→ **GIVEN INFORMATION**:
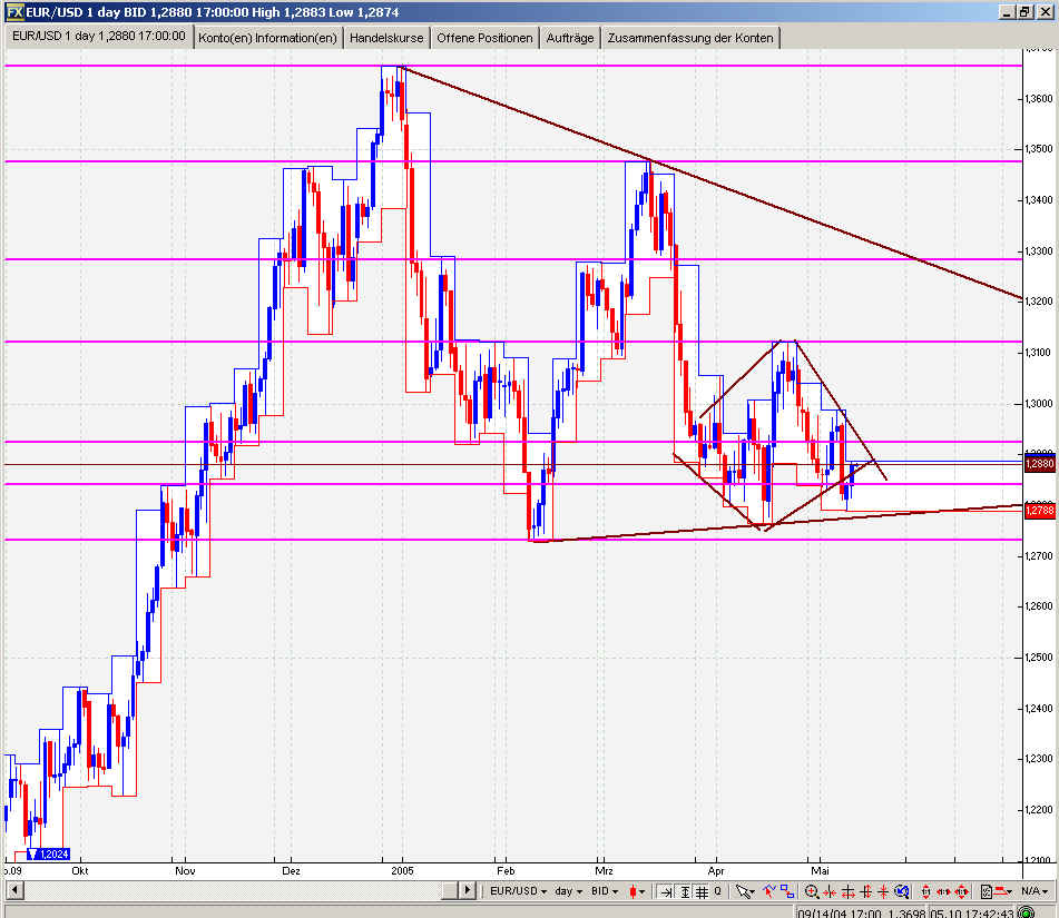 Ich sehe am Dailychart im EURUSD auch eher Potenzial nach oben, bin mit einem - für mich sehr atypischen Swingtrade auch schon Long positioniert - allerdings kann sich heute Nachmittag die ganze Situation gravierend ändern, US Handelsbilanz ist immer für heftige Moves zu haben.
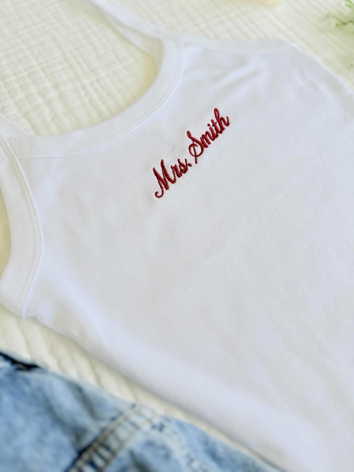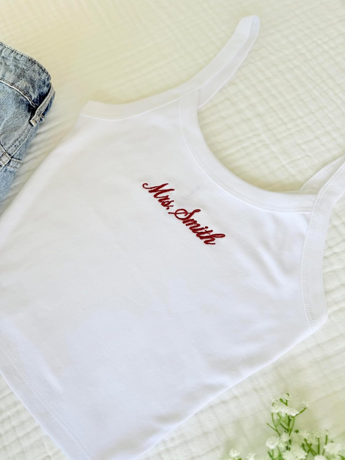 Make your bridal journey special with this charming spaghetti strap tank top featuring elegant embroidered 'Mrs.' lettering. Perfect for the bride-to-be, this white tank top combines style and comfort with its classic design and soft fabric construction. The delicate spaghetti straps offer a feminine touch while maintaining a comfortable fit that's ideal for various pre-wedding celebrations. Whether you're preparing for your bridal shower, honeymoon, or just want to celebrate your upcoming nuptials, this tank makes a wonderful addition to your wardrobe. The versatile design allows for easy pairing with shorts, skirts, or loungewear, making it suitable for multiple occasions. This thoughtful piece serves as an ideal engagement or bridal shower gift that any future Mrs. would cherish. The tank top features quality stitching and durable construction to maintain its shape and appearance through multiple wears. Available in crisp white with striking embroidery, this tank top lets you showcase your bride-to-be status with elegance and style.
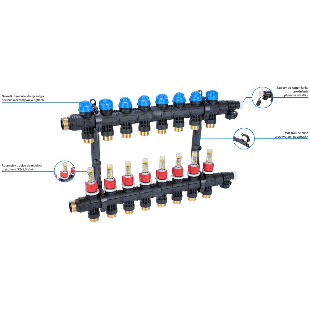Rozdzielacz do ogrzewania podłogowego AFRISO ProCalida EF1 K 8-obieg. poliamid GZ 1'' x euroconus 3/4'' + przepływomierz + zawór napełn/spust
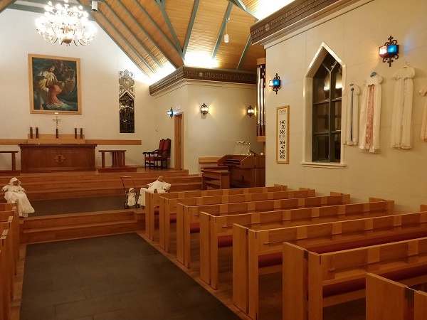 Í kirkjuskipi Grundarfjarðarkirkju hanga skírnarkjólar sem Grundfirðingar hafa búið til og verið skírðir í.

→ **TASK GOAL**: Print every line above exactly as given, but not the pictures.

→ **TASK SOLUTION**:
 Ich sehe am Dailychart im EURUSD auch eher Potenzial nach oben, bin mit einem - für mich sehr atypischen Swingtrade auch schon Long positioniert - allerdings kann sich heute Nachmittag die ganze Situation gravierend ändern, US Handelsbilanz ist immer für heftige Moves zu haben.
 Make your bridal journey special with this charming spaghetti strap tank top featuring elegant embroidered 'Mrs.' lettering. Perfect for the bride-to-be, this white tank top combines style and comfort with its classic design and soft fabric construction. The delicate spaghetti straps offer a feminine touch while maintaining a comfortable fit that's ideal for various pre-wedding celebrations. Whether you're preparing for your bridal shower, honeymoon, or just want to celebrate your upcoming nuptials, this tank makes a wonderful addition to your wardrobe. The versatile design allows for easy pairing with shorts, skirts, or loungewear, making it suitable for multiple occasions. This thoughtful piece serves as an ideal engagement or bridal shower gift that any future Mrs. would cherish. The tank top features quality stitching and durable construction to maintain its shape and appearance through multiple wears. Available in crisp white with striking embroidery, this tank top lets you showcase your bride-to-be status with elegance and style.
Rozdzielacz do ogrzewania podłogowego AFRISO ProCalida EF1 K 8-obieg. poliamid GZ 1'' x euroconus 3/4'' + przepływomierz + zawór napełn/spust
 Í kirkjuskipi Grundarfjarðarkirkju hanga skírnarkjólar sem Grundfirðingar hafa búið til og verið skírðir í.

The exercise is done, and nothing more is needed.